There is only one issue here – when you try to parse a string with the pattern yyyy-MM-dd (so without time part) using LocalDateTime::parse, it will throw a DateTimeFormatException with the message Unable to obtain LocalDateTime from TemporalAccessor. Apparently, at least one time part must be available to succeed.
Luckily, we can use a DateTimeFormatterBuilder to build a pattern, instructing the formatter to use some defaults if information is missing from the parsed text. Here it is:
DateTimeFormatter formatter = new DateTimeFormatterBuilder()
.appendPattern("yyyy-MM-dd[ HH:mm[:ss[.SSS]]]")
.parseDefaulting(ChronoField.HOUR_OF_DAY, 0)
.parseDefaulting(ChronoField.MINUTE_OF_HOUR, 0)
.parseDefaulting(ChronoField.SECOND_OF_MINUTE, 0)
.toFormatter();
LocalDateTime dateTime = LocalDateTime.parse(input, formatter);
Tests:
String[] inputs = {
"2020-10-22", // OK
"2020-10-22 14:55", // OK
"2020-10-22T14:55", // Fails: incorrect format
"2020-10-22 14:55:23",
"2020-10-22 14:55:23.9", // Fails: incorrect fraction of second
"2020-10-22 14:55:23.91", // Fails: incorrect fraction of second
"2020-10-22 14:55:23.917", // OK
"2020-10-22 14:55:23.9174", // Fails: incorrect fraction of second
"2020-10-22 14:55:23.917428511" // Fails: incorrect fraction of second
};
And what about epoch in milli?
Well, this cannot be parsed directly by the DateTimeFormatter. But what's more: an epoch in milli has an implicit timezone: UTC. The other patterns lack a timezone. So an epoch is a fundamentally different piece of information. One thing you could do is assume a timezone for the inputs missing one.
However, if you nevertheless want to parse the instant, you could try to parse it as a long using Long::parseLong, and if it fails, then try to parse with the formatter.
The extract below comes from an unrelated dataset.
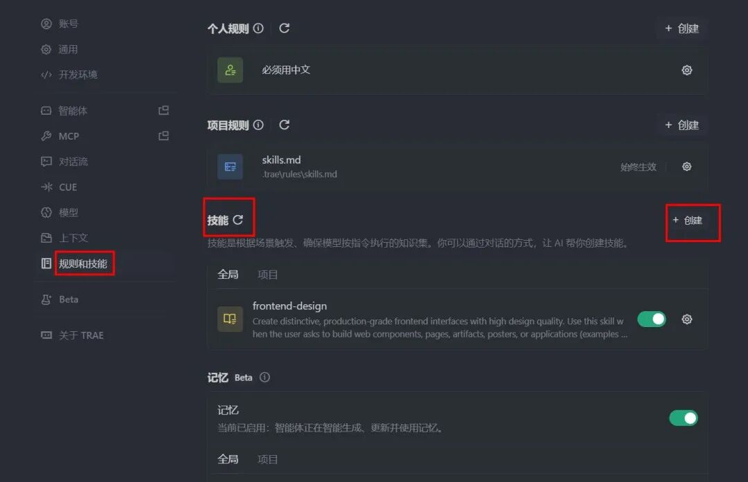 mkdir -p .trae/skills/技能名称(比如“greeting-zh”);SKILL.md文件,写入以下内容: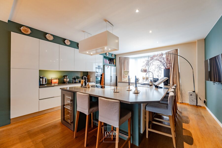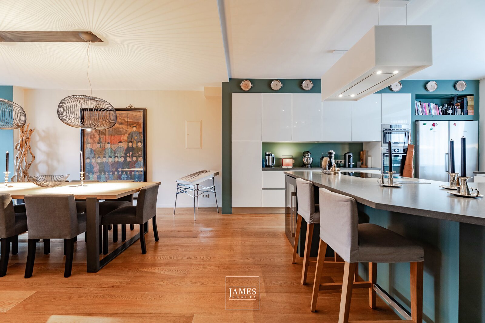Au premier étage, de lumineuses pièces de vie rassemblent une cuisine américaine hyper-équipée, une salle à manger conviviale et un salon avec feu ouvert, le tout prolongé par une agréable terrasse plein sud.

Alternatively, you could use a regular expression (like -?\d+ or something) to try to match the instant, and if it does, then parse as instant, and if it fails, then try to parse with the abovementioned formatter.
The brute force approach:
simply try your 4 formats, one after the other to parse the incoming string
if parsing throws an exception, try the next one
if parsing passes, well, that format just matched
Of course, if we are talking about larger tables, that is quite inefficient. Possible optimisations:
obviously, the different patterns have subtle differences, so you could use indexOf() checks first. Like: if the value to be parsed contains no ':' char, then it can only be the first pattern.
you can look at your data manually to figure the actual distribution of patterns that are used. then you adapt the order of patterns to try to the likelihood of the pattern being used in your data
Alternatively: you could define your own regex. The only thing that makes it slightly ugly is the fact that your input uses month names, not month number. But I think it shouldn't be too hard to write up a single regex that covers all your cases.